Earlier this year Semta chief executive Sarah Sillars said there were still only 18% of employers in the manufacturing sector who offer apprenticeships. Esson said this “major issue” may be further exacerbated if the extra workload in trying to make education employer-led meant it further discouraged small companies from hiring apprentices at all.
“Any move towards giving the employer ownership for designing the course the training provider puts them through is actually going to make it less likely for companies that don’t currently recruit and train apprentices to do so in the future.
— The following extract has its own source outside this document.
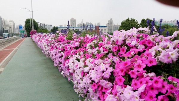 2016년 상반기 송파구 난간걸이화분 설치 > 전용차로난간걸이화분

It is more likely to support their current position that it is too complex and that they can’t be bothered with the extra work.”
Neil Carberry, CBI director for employment and skills policy, welcomed the skills strategy but said this was part of a continuing debate that needed more detail for firms such as Quick Hydraulics. “At the moment many small companies, including our members, do not qualify for the government’s skills framework and can’t get the funding. The best outcome may be some combination of the EOP [Employer Ownership of Skills Pilot] and giving smaller businesses more access to funding to make skills provision truly more employer-led.”
Mr Carberry recognised that the Employer Ownership of Skills Pilot is not suitable for all small companies, who don’t qualify for the £250,000 minimum government subsidy, but advocated that such companies form ‘clusters’ with their supply chain to make a collaborative bid for EOP funding.
There is a fine line between the added benefits that may be possible through the provision of employer-led skills and adding unsustainable levels of burden on employers, especially small companies. If the costs and bureaucracy shouldered by the SME are not considered, the small business apprenticeship may end up six feet under.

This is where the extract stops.